Task prompt
Your task is to restate word for word the lines in the material below, from the one with "株式会社里央さんの天運は37画の5点!" up to and including the one with "days are short". Do not carry over the pictures.

Material provided
◆ ◆ ◆ ◆ ◆ ◆ ◆

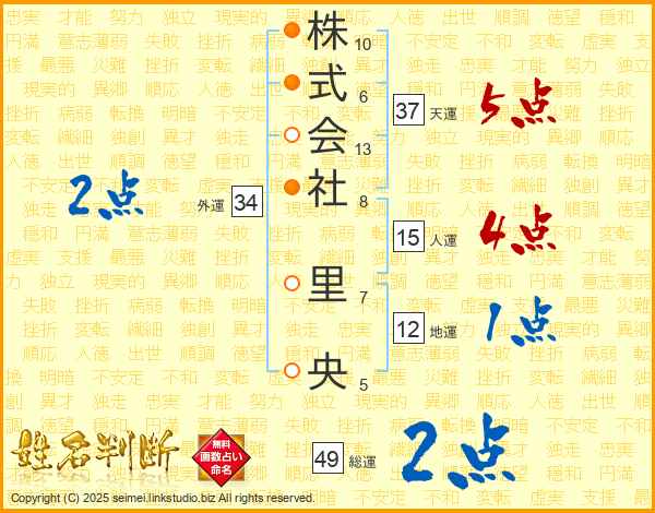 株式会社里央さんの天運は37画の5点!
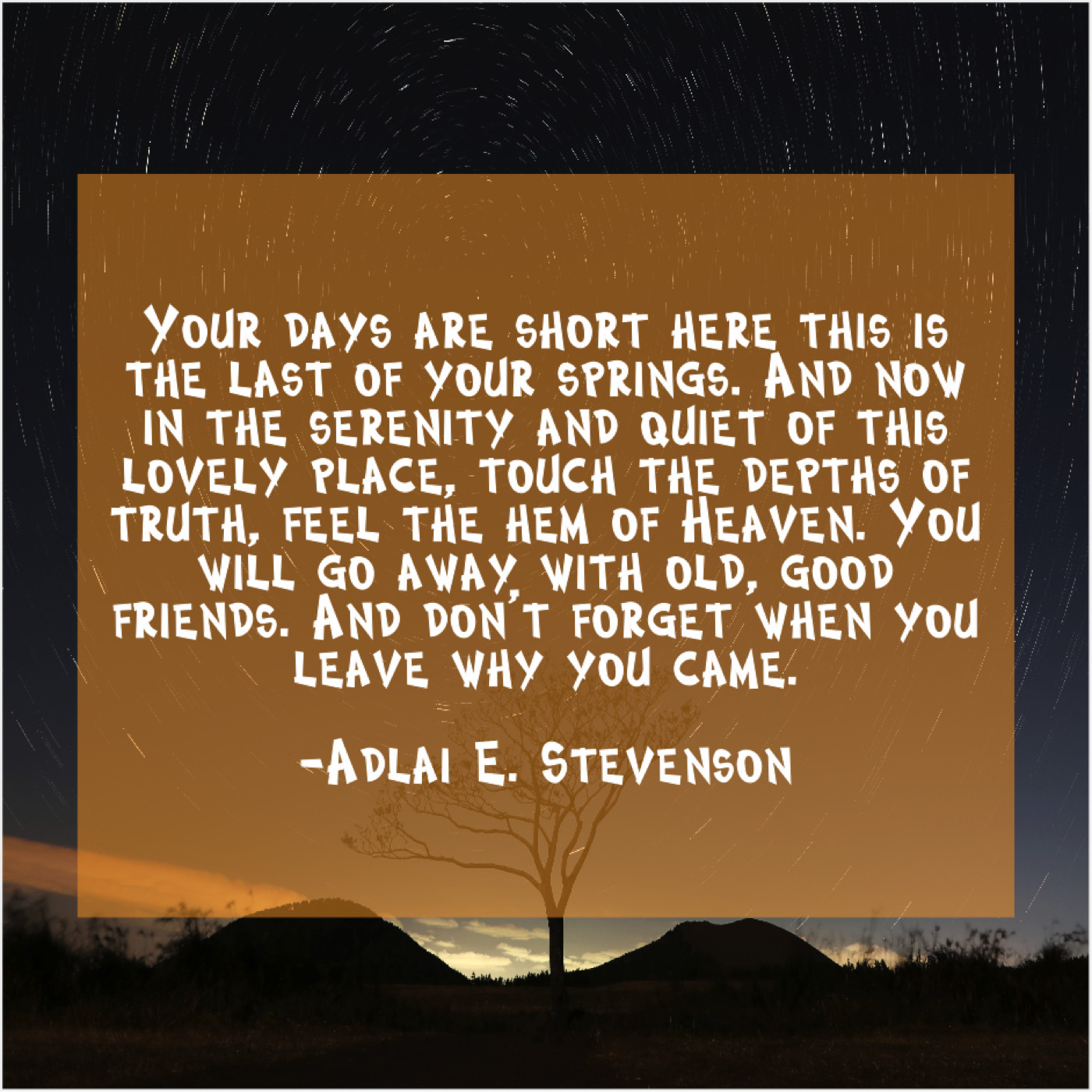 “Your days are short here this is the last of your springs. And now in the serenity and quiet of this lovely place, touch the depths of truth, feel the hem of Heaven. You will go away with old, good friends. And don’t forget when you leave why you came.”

◆ ◆ ◆ ◆ ◆ ◆ ◆

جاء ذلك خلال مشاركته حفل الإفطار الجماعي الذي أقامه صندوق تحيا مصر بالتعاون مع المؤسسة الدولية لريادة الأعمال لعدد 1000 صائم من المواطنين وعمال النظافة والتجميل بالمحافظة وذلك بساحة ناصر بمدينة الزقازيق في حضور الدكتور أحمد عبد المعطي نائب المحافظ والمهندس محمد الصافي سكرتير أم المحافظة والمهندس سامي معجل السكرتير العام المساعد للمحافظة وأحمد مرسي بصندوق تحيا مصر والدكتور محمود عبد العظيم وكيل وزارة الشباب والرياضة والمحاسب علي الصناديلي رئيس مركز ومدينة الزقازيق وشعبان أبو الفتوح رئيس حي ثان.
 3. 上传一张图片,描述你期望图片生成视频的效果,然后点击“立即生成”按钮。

◆ ◆ ◆ ◆ ◆ ◆ ◆

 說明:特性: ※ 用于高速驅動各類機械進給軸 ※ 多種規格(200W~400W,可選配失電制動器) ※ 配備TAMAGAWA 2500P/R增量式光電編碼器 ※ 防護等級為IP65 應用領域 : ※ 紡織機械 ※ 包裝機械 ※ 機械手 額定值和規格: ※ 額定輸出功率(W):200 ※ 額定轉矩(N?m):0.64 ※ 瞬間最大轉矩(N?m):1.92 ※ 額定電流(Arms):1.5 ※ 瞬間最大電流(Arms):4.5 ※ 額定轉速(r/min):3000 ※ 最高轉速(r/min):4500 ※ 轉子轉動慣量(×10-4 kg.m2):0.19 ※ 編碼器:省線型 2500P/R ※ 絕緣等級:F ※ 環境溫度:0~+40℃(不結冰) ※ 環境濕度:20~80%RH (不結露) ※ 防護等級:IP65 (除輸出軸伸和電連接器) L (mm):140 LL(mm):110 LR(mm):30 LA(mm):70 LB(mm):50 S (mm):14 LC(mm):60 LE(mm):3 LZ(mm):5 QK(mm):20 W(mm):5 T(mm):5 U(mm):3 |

◆ ◆ ◆ ◆ ◆ ◆ ◆

Solution to this exercise
 株式会社里央さんの天運は37画の5点!
 “Your days are short here this is the last of your springs. And now in the serenity and quiet of this lovely place, touch the depths of truth, feel the hem of Heaven. You will go away with old, good friends. And don’t forget when you leave why you came.”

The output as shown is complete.